As I said, I don't know why I've posted this. I don't know what I expect people to reply about or if I expect people to actually read this monologue. But it's been therapeutic to write this all out. Thank you. Not sure who I'm thanking. Just the world in general really for changing me.

This is the first time I have ever been honest with my emotions like this. There’s no way I could ever say any of this in real life. I’ve even hidden my real IP address to stop this being traced back to me. I’m still scared of the truth I guess.

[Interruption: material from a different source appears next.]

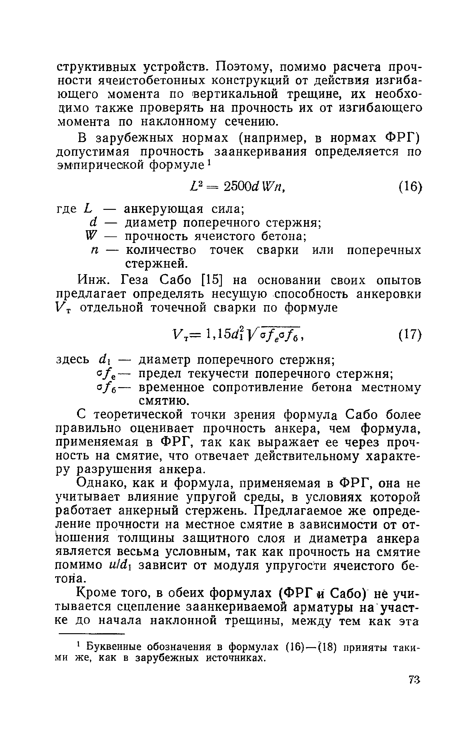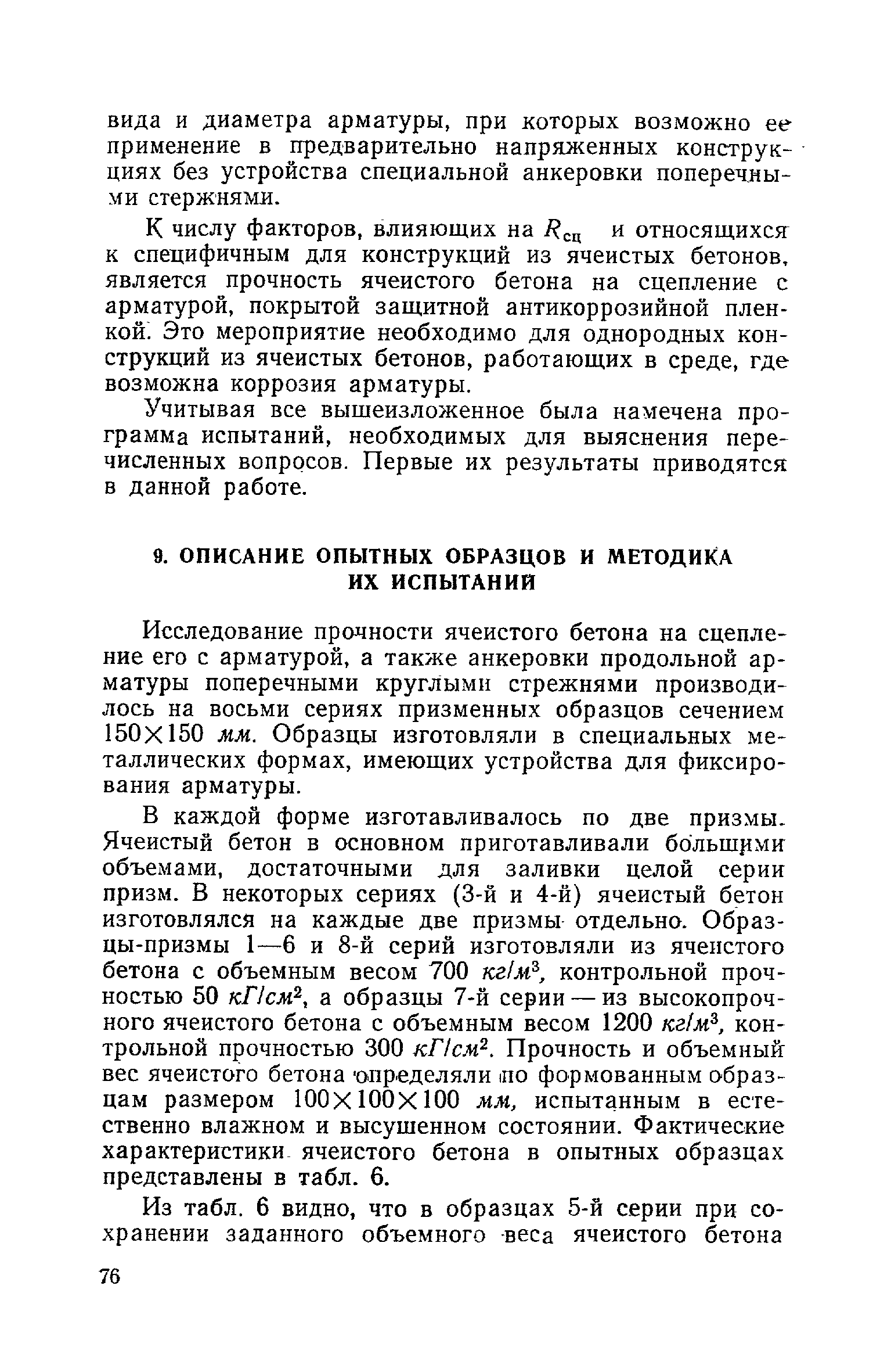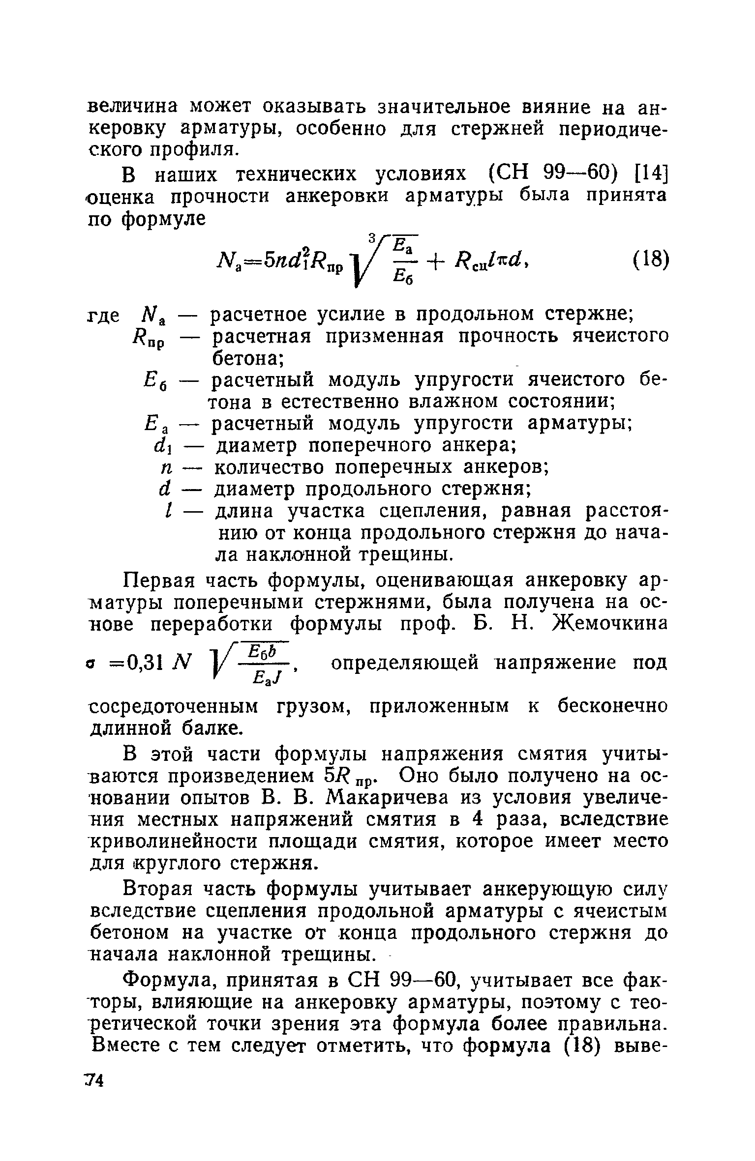 | Оглавление: | Предисловие I Физико-механические характеристики материалов в опытных конструкциях 1. Прочность ячеистого бетона в опытных конструкциях 2. Влажность ячеистого бетона в опытных конструкциях и ее влияние на прочность 3. Модуль упругости ячеистого бетона в опытных конструкциях II Исследование прочности и жесткости однородных изгибаемых элементов с обычным армированием 4. Методика испытаний 5. Описание опытных конструкций, цель и результаты их испытаний 6. Граница переармированных сечений и работа сжатой арматуры 7. Анализ деформаций III Исследование прочности сцепления ячеистого бетона с арматурой и анкеровки арматуры 8. Состояние вопроса 9. Описание опытных образцов и методика их испытаний 10. Прочность сцепления ячеистого бетона с арматурой 11. Анкеровка арматуры в ячеистом бетоне 12. Напряжение в арматуре при выдергивании IV Рекомендации по расчету и конструированию армированных конструкций из автоклавных ячеистых бетонов 13. Нормативные и расчетные сопротивления 14. Расчет на изгиб 15. Расчет наклонных сечений по изгибающему моменту 16. Расчет армированных изгибаемых конструкций из ячеистых бетонов по деформациям после появления в них трещин 17. Конструирование Литература |

What is really important to remember is that people change.

If everyone stayed the exact same person that we were when we were 14-16 years old then we would be in a real mess!

If you want a facebook- get one. If anyone gives you hassle over it just say you were missing out on study group info. It's not a big deal.

As for outside of school, if you have friends that share your tastes or interests you could go to the cinema, or to a local park, or have pizza and movie night at somebody's house. It doesn't need to be an 'event', just spending time with people in another setting.

You'll get there so long as you allow yourself the space to change and that you don't have to hold yourself to the standards of somebody who no longer exists. (Goodbye old you!)